RealNVP - Real-valued Non-Volume Preserving

Real-Valued Non-Volume Preserving (RealNVP) is a normalizing flow model proposed by Dinh et al., 2016. It is a generalization of their previous NICE normalizing flow model proposed in Dinh et al., 2014. RealNVP transformations are a set of powerful, stably invertible and learnable transformations that result in an unsupervised learning algorithm that allows computation of exact log-likelihood, exact and efficient sampling and exact and efficient inference of latent variables. The neural architecture is invertible and therefore provides a way of representing only non-self-intersecting geometry. We do this by using a Pre-Aux net with the RealNVP architecture. In this tutorial, we walk through the theory behind the RealNVP representation and how to actually use their geodiff implementation in practice.

# Basic Imports
import matplotlib.pyplot as plt
import torch

from geodiff.aux_nets import PreAuxNet
from geodiff.real_nvp import RealNVP
from geodiff.loss_functions.chamfer import ChamferLoss
from geodiff.template_architectures import ResMLP

from assets.utils import square, normalize_0_to_1


# Set the seed for reproducibility
torch.manual_seed(2)

<torch._C.Generator at 0x11424a150>

Theoretical Background¶

The RealNVP architecture as proposed in Dinh et al., 2016 is based on the idea of stacking simple nonlinear invertible transformations. The architecture is built such that it is easy to compute the inverse and the determinant of the Jacobian of the transformation. Computing the inverse and the determinant of the Jacobian is useful for log-likelihood training of generative models (of say images) but we do not require these properties and are only interested in the architecture being guaranteed invertible. That is, as long as we are concerned we only need a guarantee on the transformation represented by the network being invertible we will never actually want to invert it or compute the Jacobian of the determinant. Therefore, we only focus on the forward pass of the network and do not discuss the computations of the inverse or the determinant of the Jacobian.
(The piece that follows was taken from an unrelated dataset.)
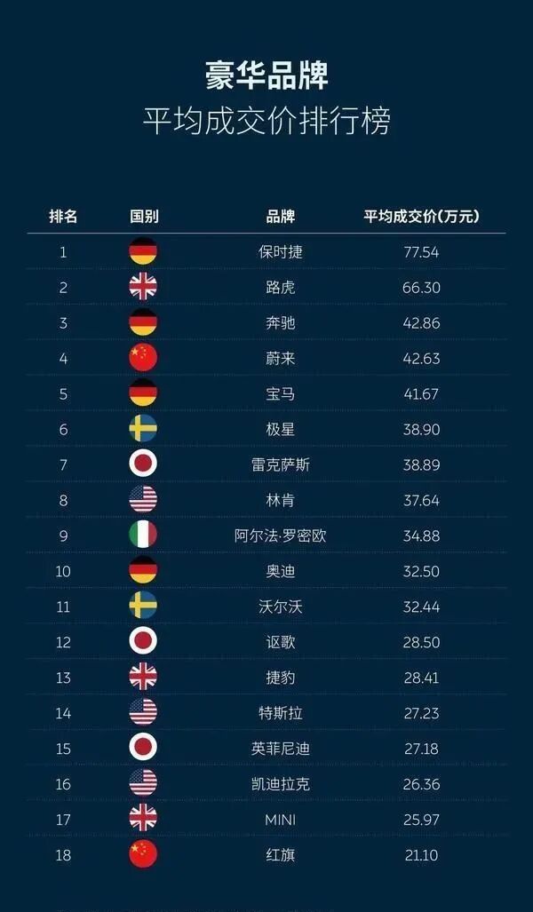 在这次统计的18个豪华品牌当中,包含了四个德国品牌、三个英国品牌、两个中国品牌、两个瑞典品牌、三个日本品牌、一个意大利品牌以及三个美国品牌。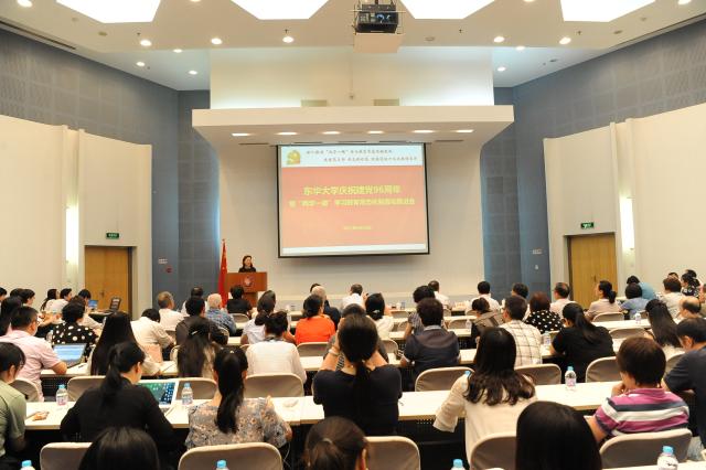 6月30日,我校在松江校区召开庆祝建党96周年暨“两学一做”学习教育常态化制度化推进会,会议的主题为“深入推进‘两学一做’学习教育常态化制度化建模范支部 展先锋形象 迎接党的十九大胜利召开”。校党委书记朱民,中国工程院院士俞建勇,校党委副书记刘淑慧、崔运花,校党委副书记、纪委书记金海燕,副校长刘春红、卿凤翎等出席会议,教师、学生党员和民主党派代表等近200人与会。会议由崔运花主持。

The RealNVP architecture is composed of bijective transformations with triangular Jacobians that serve as a building block for the entire transformation f. In particular, it uses an affine coupling layer as the building block defined as follows:

Affine coupling layer: Let $x \in \mathbb{R}^{D}$ and $I_1, I_2$ be a partition of $\llbracket 1, D \rrbracket$ with $d = |I_1|$ and $t, s$ be functions defined on $\mathbb{R}^{D}$ . We can define $y = (y_{I_1}, y_{I_2})$ where:

y_{I_1} = x_{I_1} \\ y_{I_2} = x_{I_2} \odot exp(s(x_{I_1})) + t(x_{I_1})

(1)

where, $s$ and $t$ stand for scale and translation and $\odot$ is the Hadamard product or the element-wise product. If we choose $I_1 = \llbracket 1, \, d \rrbracket, \ I_2 = \llbracket d+1, \, D \rrbracket$ then the Jacobian is given by:

\frac{\partial y}{\partial x} = \begin{bmatrix} I_d & 0\\ \displaystyle \frac{\partial y_{I_2}}{\partial x_{I_1}} & \operatorname{diag} \left( \exp [s(x_{I_1})] \right) \end{bmatrix}

(2)

The inverse mapping is obtained by:

x_{I_1} = y_{I_1} \\ x_{I_2} = y_{I_2} - t(y_{I_1}) \odot \exp(-s(y_{I_1}))

(3)

In contrast to NICE, affine coupling layers do not have has Jacobian determinant as is clear from Eq. (2), i.e. is not volume preserving. Therefore, the diagonal scaling matrix used in NICE is not required with RealNVP.

Implementation using `geodiff`¶

We now look at how geodiff allows us to easily use the RealNVP parameterization to represent shapes.

The RealNVP class initializer and its expected arguments are shown below:

real_nvp.py

    def __init__(
        self,
        geometry_dim: int,
        layer_count: int,
        preaux_net: nn.Module,
        translation_net: nn.Module,
        scale_net: nn.Module,
        use_batchnormalization: bool = False,
        use_residual_connection: bool = True,
    ) -> None:

To construct a RealNVP object, we need to supply:

Geometry Dimension 2 for 2D and 3 for 3D.
Layer Count the number of layers in the RealNVP architecture.
Translation Net a torch network module to be used as the translation function.
Scaling Net a torch network module to be used as the scaling function.
Pre-Aux Net parameters such as layer count, hidden dimension, activation, normalization and output functions.
Boolean Flags for using batch normalization and residual connections with the RealNVP layers.

Fitting Shapes¶

We will use a square as our target geometry. We then use the ChamferLoss to compute the geometric difference loss between the target shape and the shape represented by our RealNVP parameterization. Since the implementation is written in PyTorch we can use the autograd capabilities to compute the gradients of the loss w.r.t. the RealNVP network parameters and use an optimizer to modify our geometry.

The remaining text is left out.